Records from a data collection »
# # # # # # #

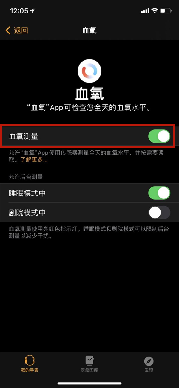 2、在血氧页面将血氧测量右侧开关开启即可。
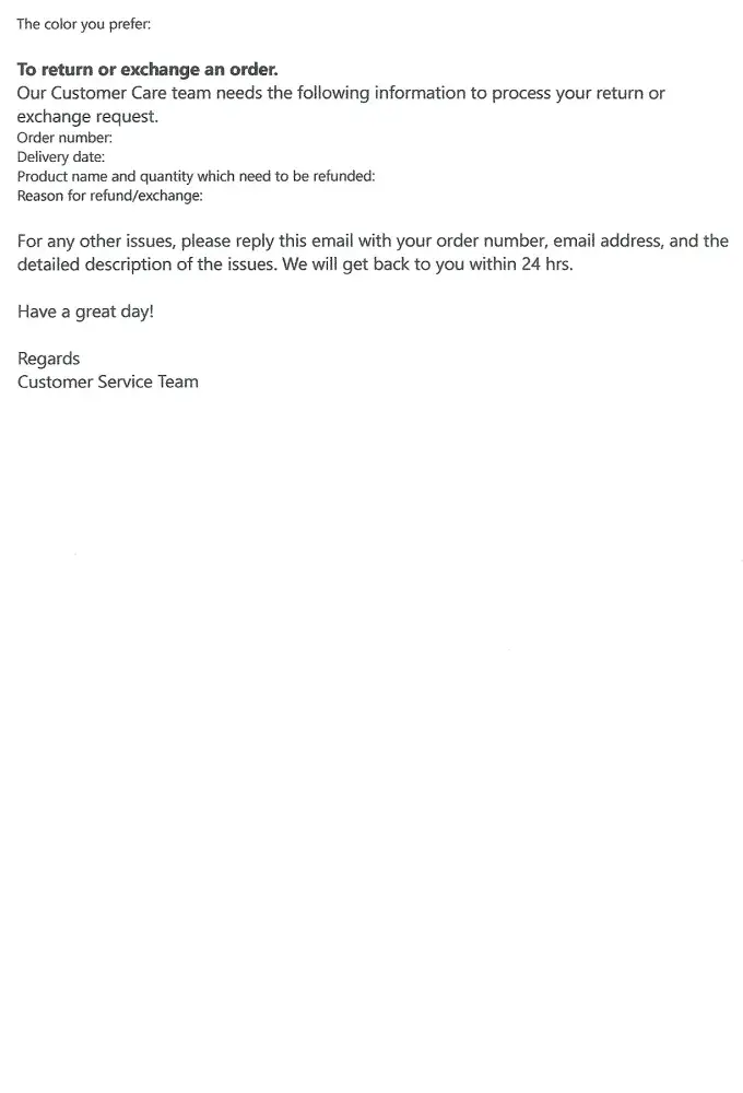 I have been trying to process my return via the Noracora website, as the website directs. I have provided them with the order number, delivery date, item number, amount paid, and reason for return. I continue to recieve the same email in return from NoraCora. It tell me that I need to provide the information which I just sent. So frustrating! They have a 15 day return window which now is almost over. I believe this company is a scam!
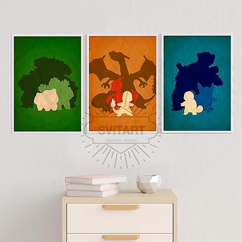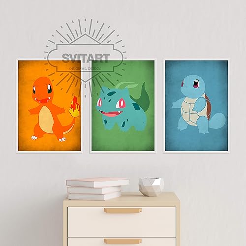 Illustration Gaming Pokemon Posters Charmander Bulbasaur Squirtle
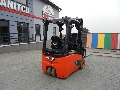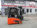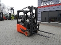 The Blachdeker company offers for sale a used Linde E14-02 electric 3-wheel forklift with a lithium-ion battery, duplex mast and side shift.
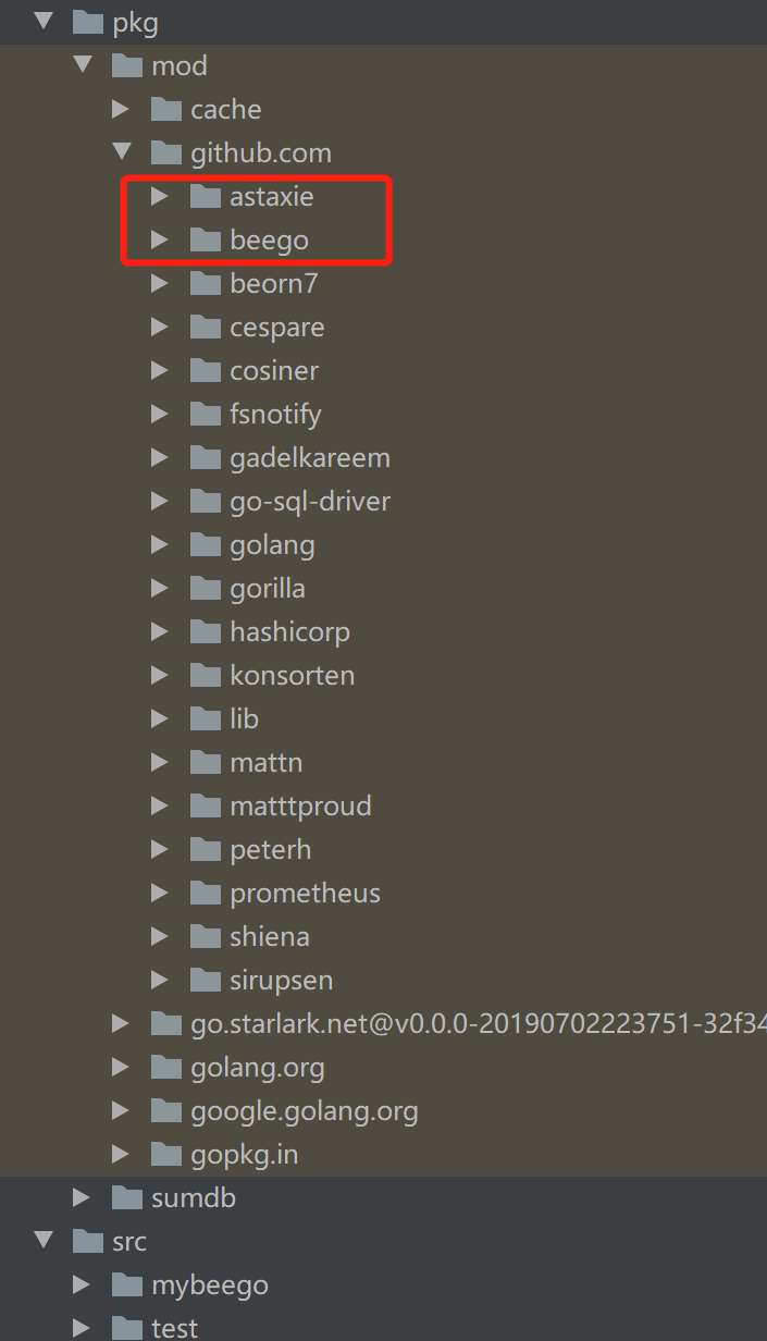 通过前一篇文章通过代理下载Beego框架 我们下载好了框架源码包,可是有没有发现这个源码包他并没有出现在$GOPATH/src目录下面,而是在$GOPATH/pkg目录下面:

# # # # # # #

EXERCISE AIM »
Which lines run from the one holding "Illustration Gaming Pokemon" through the end of the records? Reproduce them word for word, both ends included, with no pictures.

WRITTEN SOLUTION »
 Illustration Gaming Pokemon Posters Charmander Bulbasaur Squirtle
 The Blachdeker company offers for sale a used Linde E14-02 electric 3-wheel forklift with a lithium-ion battery, duplex mast and side shift.
 通过前一篇文章通过代理下载Beego框架 我们下载好了框架源码包,可是有没有发现这个源码包他并没有出现在$GOPATH/src目录下面,而是在$GOPATH/pkg目录下面:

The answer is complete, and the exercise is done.